Мы замолчали. Что говорить в таких случаях? А мужик, как бы заслужив это своим горем, налил сам себе водки, выпил и, не закусив, продолжил свой печальный монолог.
– На «Электроне» работала. Мне потом санитарка в больнице сказала, что очень много заболеваний этих… онкологических на «Электроне». От врачей слышала. Ещё какие-то заводы называла. Не помню, не до этого было. А моя на этом проклятом заводе 12 лет отработала.
Он помолчал, играя желваками на скулах, а потом с горечью, почти со слезой, произнёс: «Такую бабу погубили!»
Вот такая история. Только теперь у меня к самому себе есть один вопрос: почему я тогда вспомнил это? Ведь сколько было разговоров, встреч, событий, которые начисто стёрты из памяти заботливым и безжалостным доктором временем. Но этот эпизод двадцатилетней давности почему-то сохранился. Это мистика какая-то, но я очень быстро выуживал из далёкого прошлого то, что подходит для моего плана спасения Чайки. И вот сама собой сформировалась следующая задача: нужно уговорить её уйти с завода, на котором она работала.
Мечта последняя
Ноябрь. Скоро зима. Уже и снег выпадал, но быстро стаял. Мы живём на Гаванской улице в моей комнатке двухкомнатной коммунальной квартиры. Я уже более полугода работаю водителем такси. Машинка у меня, мягко говоря, старенькая, после капитального ремонта. Работаю каждый день по семь часов плюс часовой перерыв на обед. Выезжаю в 16:15, а возвращаюсь в парк в начале первого ночи. График не самый удобный для семейной жизни. Зато по вечерам у таксистов заработок получше, да и Лариса одну неделю работает в утро, а другую, к нашей с ней радости, в вечер. Так что две недели в месяц мы подолгу бываем вместе.
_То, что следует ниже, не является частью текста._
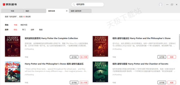 2.书源丰富。京东读书里的书源相当丰富,直接在上方搜索栏搜索即可,书城有相当多书籍供用户挑选。
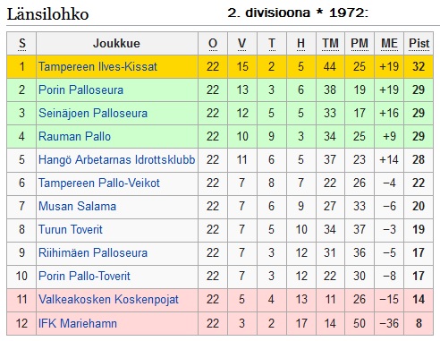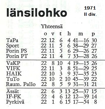 2. divisioonan länsilohkon voitti kaudella 1970 siis pisteen erolla TPV, joka nousi suoraan seuraavalle kaudelle 1971 SM-sarjaan.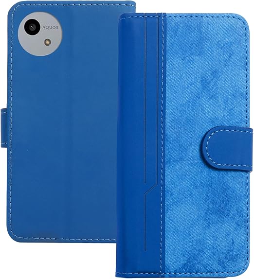 TEDTIKJT Aquos wish 5 ケース 手帳型 wish5 ケース 携帯カバー 全面保護 高級PUレザーとデニムの組み合わせデザイン Sharp aquos wish5 手帳型ケース カード収納ポケット 横置きスタンド機能 AQUOS WISH5 ウィッシュ5 カバー 財布型 シンプルなビジネススタイル アクオスウィッシュ5 スマホケース -青 a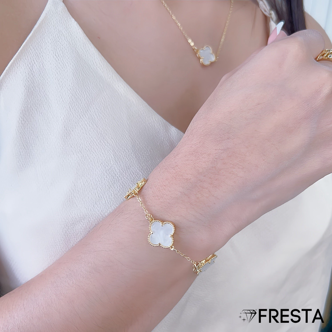 La Pulsera Lucky Clover Bliss es el símbolo de buena fortuna y estilo sofisticado. Con múltiples tréboles en un elegante acabado, esta pulsera combina un diseño moderno con el encanto tradicional de la suerte. Ideal para quienes buscan añadir un toque de distinción a su look, mientras llevan consigo un amuleto de prosperidad y protección. Completa tu colección con esta pieza única que te acompañará con estilo y suerte en cada paso.🍀✨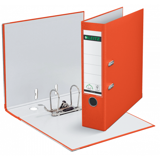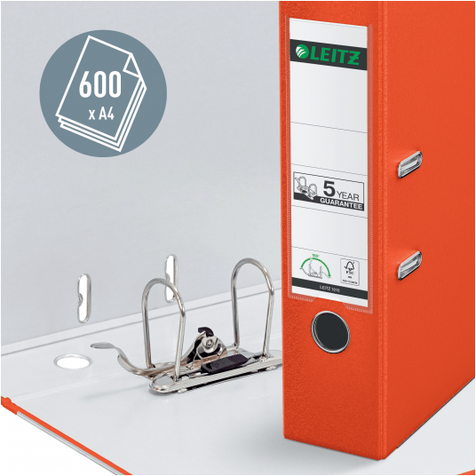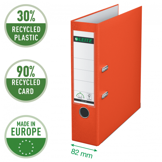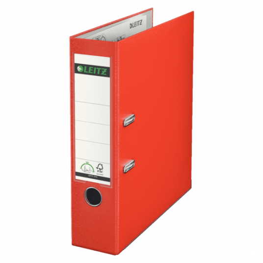 Segregator Leitz A4 z mech. 180°, szer. 80 mm, 30% PP z recyklingu, jasnoczerwony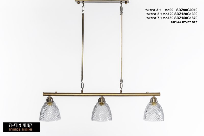 מנורת SDZ90G50133 בעלת בסיס מלבני, 2 זרועות ומוט רוחבי בצבע פליז. על המוט צלחות זכוכית עגולים בעבודת יד.
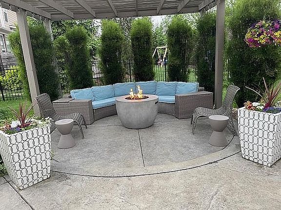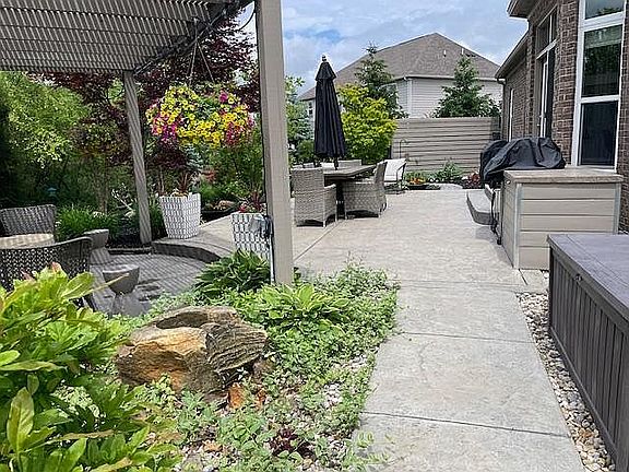 Immaculate 4-bedroom ranch in desirable Emerald Ridge subdivision. This all brick and stone ranch offers a spacious open floor plan. The 10’ kitchen island overlooks the living room with a gas fireplace. 10’ ceilings throughout the main level. Primary retreat includes a double vanity, jetted Jacuzzi tub, frameless shower, large walk-in closet, and tray ceiling in bedroom. Oversized 3 car garage with ample storage. The full-size basement is perfect for entertaining and offers unique stamped concrete floor as well as a carpeted living room area. The basement has a walk-up bar with granite countertops, dishwasher, sink, and refrigerator. The large fourth bedroom is located in the basement with a walk-in closet and is adjacent to a full bathroom. A bourbon room with a black tiled ceiling and multiple TVs is a fun time for any party. This home offers plenty of storage area to organize all of your additional items. Outdoors boasts a private two-tier patio and sidewalk with a pergola and natural stone fountain. The beautiful landscaped yard includes irrigation. New features of the house include roof and gutters (April 2024), carpet in bedrooms (2023), sump pump/backup sump pump (2023), hot water heater (2023), dishwasher (2023), exterior/interior paint (2023). House includes a wired Night Owl camera system (4 cameras).

Но это только пока. Во-первых, собираемся съезжаться с бабушкой Ларисы. Во-вторых, меня вот-вот посадят на приличный автомобиль, и я буду работать со сменщиком через день по 12 часов. А в-третьих, и это самое главное, Лариса пока (только пока!) работает на большом, знаменитом на всю страну заводе.
До сегодняшнего дня я не решался начать этот разговор. А нынче решился. Четверг, мой выходной день. Лариса на этой неделе работает в вечернюю смену, и всю неделю первую половину дня мы проводим вместе. По четвергам, пока жена на работе, я обычно занимаюсь хозяйством. Работа в экспедиции и одинокая холостяцкая жизнь многому могут научить. Приходит жена поздно вечером с работы, а дома прибрано и ужин готов. Она каждый раз по-детски этому радуется. А с ней и я. Но сегодня я постарался превзойти самого себя. Уборка в комнате генеральная, а обильный ужин (чтобы и на завтрак осталось) просто праздничный.
Вечером встретил Ларису с работы. Мы пришли домой, поужинали. Всё, как всегда. Но как она всё время догадывается о моих намерениях? Может, на лице у меня всё написано? Или я с ужином переборщил?
– Спасибо. Очень вкусно. Как будто праздник. Ты что, галс менять собрался?
* * *Ах, Чайка, Чайка, как ты умна! И это не делает тебя менее женственной. И не умаляет моего мужского «я». И я горжусь тобой!
* * *– У тебя усталый вид… и голос. Давай завтра утром поговорим. Хорошо?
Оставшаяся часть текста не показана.